• **PROBLEM STATEMENT**
Once "根据中国青年网记者调查显示,72.04%" turns up in a line below, reproduce that line and those after it exactly, stopping after the line with "Gustowna, kwadratowa podkładka"; leave pictures out.
::: EXERCISE MATERIALS :::
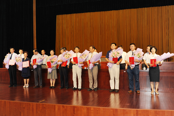 大会表彰了411名从教满三十年的在岗教职员工。国家、省教学名师,宝钢优秀教师特等奖获得者武清玺教授;江苏省教学名师朱昌平教授、长期从事数学学科科研与教学工作的陈才生教授;长期从事机电教学和科研以及管理工作的高新陵教授;水利规划专家唐德善教授;三赴非洲进行教育援助的祁林高级实验师;长期从事河口、海岸、环境学科科研与教学工作的王义刚教授;机器人足球世界冠军“e龙队”指导老师廖华丽教授;全国“巾帼建功”标兵荣誉称号获得者王慧敏教授;十多次获得省部级科技进步奖的郝振纯教授等十位优秀教师代表在主席台就座,并接受校领导颁发证书和学生献花。
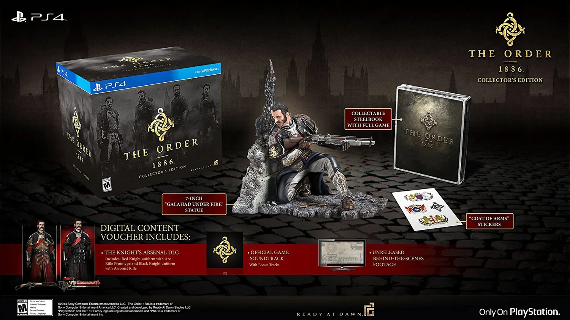 The Order: 1886 - Collector's Edition includes: 7-inch 'Galahad Under Fire' Statue. Collectable Steelbook, 'Coat of Arms' Stickers. Knight's Arsenal DLC. Official Game Soundtrack with Bonus Tracks. Unreleased Behind-The-Scenes Footage.
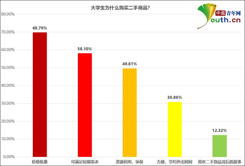 根据中国青年网记者调查显示,72.04%的大学生有闲置物品,80.84%愿意进行闲置物品交易。52.44%的大学生有过购买二手商品的经历。在为何选择购买二手商品问题上,
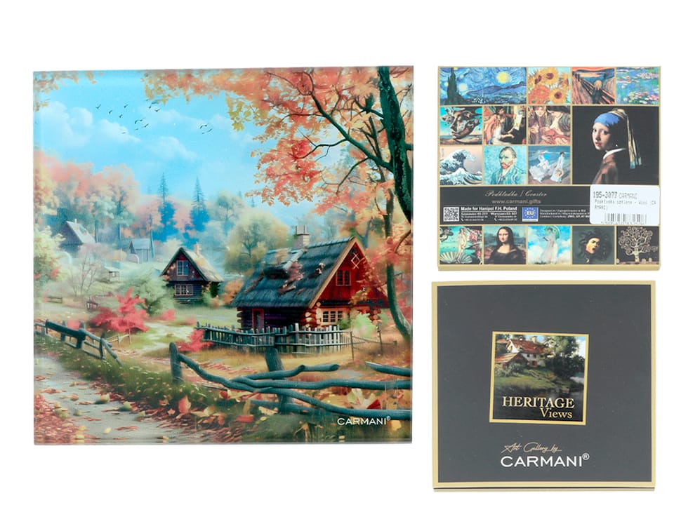Gustowna, kwadratowa podkładka szklana pod kubek przedstawia malownicze sceny z życia dawnej wsi ? drewniane chaty kryte strzechą, złote łany zbóż, studnie, drewniane płoty oraz codzienne życie gospodarzy i zwierząt.
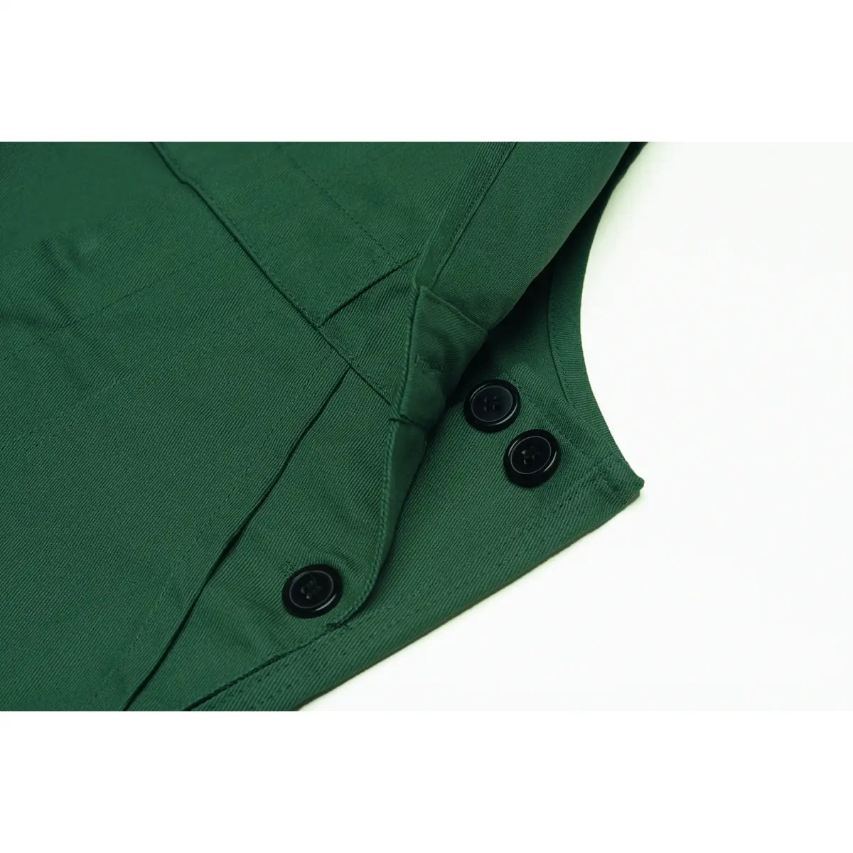 - Functional storage: Brass-zippered chest pocket, additional bib pocket, two reinforced front pockets, one back pocket, and ruler pocket
:::
• **RESPONSE TO THE TASK**
 根据中国青年网记者调查显示,72.04%的大学生有闲置物品,80.84%愿意进行闲置物品交易。52.44%的大学生有过购买二手商品的经历。在为何选择购买二手商品问题上,
Gustowna, kwadratowa podkładka szklana pod kubek przedstawia malownicze sceny z życia dawnej wsi ? drewniane chaty kryte strzechą, złote łany zbóż, studnie, drewniane płoty oraz codzienne życie gospodarzy i zwierząt.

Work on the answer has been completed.